The browser-native angle is the moat. Every competitor requires hardware, a lab, or a panel. This runs as a script tag. The question is which buyer to reach first.
UX agencies as the wedge. They already buy eye tracking — Tobii hardware at $5k+, lab rental at $200/hour. This is dramatically cheaper and removes the lab requirement entirely. It's a tool sale, not a concept sale. Win 20 agencies and you have 20 salespeople who don't work for you — their case studies sell to everyone else.
Target: UX research firms, CRO agencies, product design consultancies · Why: they already buy eye tracking and understand the value immediately
Cold outreach to 50 CRO agencies on LinkedIn. One-line pitch: "Eye tracking that runs in a browser, no hardware. Looking for agencies to beta test — free for 3 months."
Productise the deliverable. What does a CRO agency need to show a client? An attention heatmap and a recommendation. Build the export so they can screenshot it and put it in a slide deck. The product isn't the technology — it's the report.
White-label reseller model. $200/month flat for unlimited client sessions. Agency charges clients $500–2000 per "eye tracking study." Your $200 becomes their $2000.
Case study machine. Every agency project is a potential case study. "E-commerce client saw 23% higher add-to-cart after redesigning product image based on eye tracking data." Make it easy for agencies to share this.
Conferences: Conversion Conference, MozCon, CXL Live. Live demo of the browser SDK at a booth is your unfair advantage over any slide presentation.
Target: Shopify/WooCommerce merchants, e-commerce product managers · Why: store owners are the most data-hungry, tool-hungry buyers on the internet
Shopify App Store listing. "GazeIQ: Eye Tracking Analytics" — "See what your shoppers actually look at. Attention heatmaps. Emotion signals. No hardware required." One-click install, 14-day free trial.
The hook feature: "Which product image gets the most gaze time?" Side-by-side heatmap of two product images — one gets 3x more fixation time. That's the hero screenshot for the App Store listing.
Consent-first. Users must opt in. "This store uses eye tracking to improve your experience. Allow?" Non-negotiable. Build consent into the SDK from day one.
Pricing: Free (100 sessions/month) → Starter $29/month (1k) → Pro $99/month (10k) → Business $299/month (unlimited + emotion data).
Target: digital ad agencies, media buying teams, CPG brand measurement teams · Why: viewability is a fraudulent metric — this answers the real question
Attack the viewability lie.

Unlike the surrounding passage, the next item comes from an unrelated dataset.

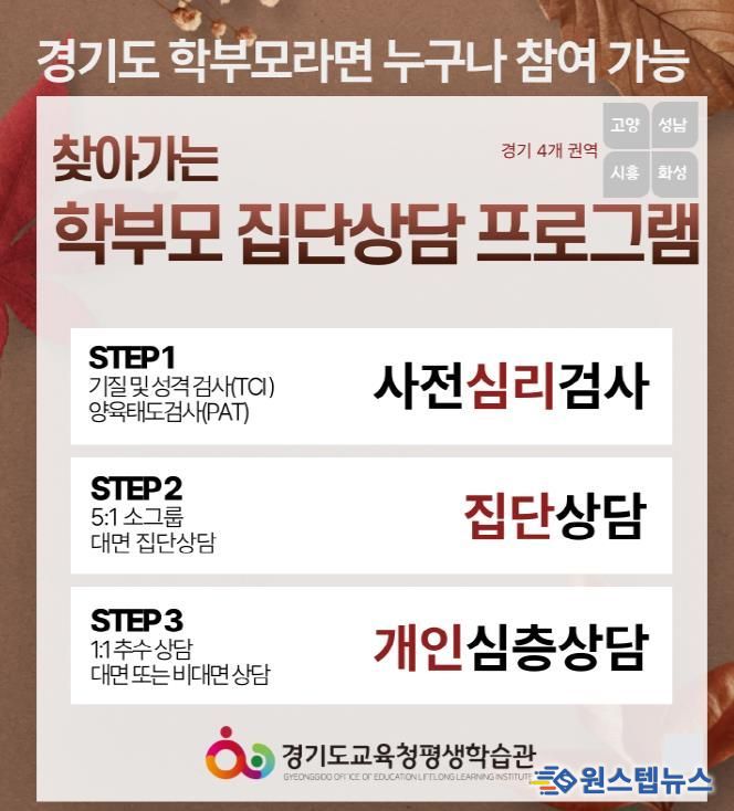 원스텝뉴스 이병희 기자 | 경기도교육청평생학습관 경기학부모지원센터가 자녀양육 과정에서 부모가 겪는 어려움과 고민을 함께 나누고 공감할 수 있도록 ‘찾아가는 학부모 집단상담 프로그램’을 운영한다.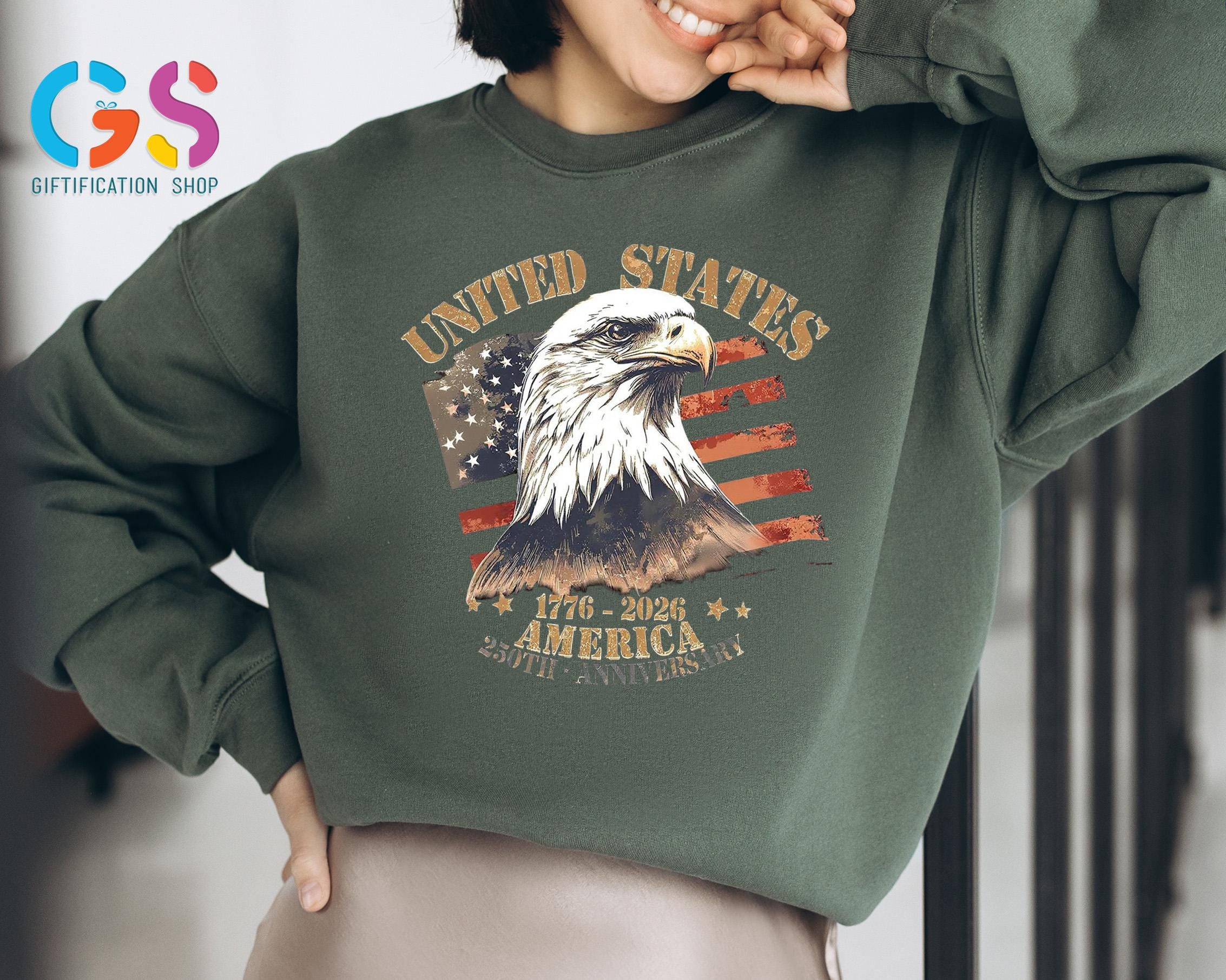 USA 250th Anniversary America Sweatshirt, Patriotic Eagle Sweater, Military Veteran Gift, Patriot Day Clothes

Create a white paper: "Viewability is not attention. Here's the data." Run your own study on display ad formats. Show a banner can be 100% viewable with 0 actual gaze fixations. This is well-established academically — you're building the commercial product.
Target ad measurement companies: DoubleVerify, IAS, Adelaide, Lumen Research. Approach as a data provider first ("we have browser-native attention measurement — interested in a data partnership?") and see which door opens.
Publisher-side play. Publishers can differentiate their ad inventory as "verified-attention" placements. A premium slot that guarantees X seconds of actual gaze time commands higher CPMs.
Pricing: Enterprise SaaS $2k–10k/month depending on scale. Per million verified-attention impressions at enterprise tier.
Target: HCI labs, cognitive psychology departments, neuromarketing researchers · Why: labs pay $5–15k for Tobii hardware — this is a fraction of the cost
Academic pricing: $500/year per lab. 100 labs = $50k ARR with zero ongoing sales effort. Scales quietly while you focus on commercial channels.
Email the PI directly. Labs doing attention, cognitive load, or UI research. "Browser-native eye tracking for human subjects research — free for academic use in exchange for an acknowledgement in publications."
The credibility flywheel. Academic papers citing your platform → engineers and product managers read those papers → they Google your platform → inbound commercial leads.
| Competitor | Requirement | Gap |
|---|---|---|
| Tobii (hardware) | $5–15k device, lab setup | Can't deploy to remote users |
| Pupil Labs | Wearable hardware | Lab-only, not scalable |
| EyeQuant | Simulated attention only | No actual user data |
| Lumen Research | Panel-based | Not your site's real users |
| RealEye | Closest competitor — browser webcam | No micro-expression emotion layer |
| This system | Script tag, any webcam | Gaze + FACS emotion + 3D parallax in one package |
RealEye is the closest competitor. Their differentiators: established panel and client list. Your differentiators: micro-expression emotion data and an open SDK. The emotion layer is the moat.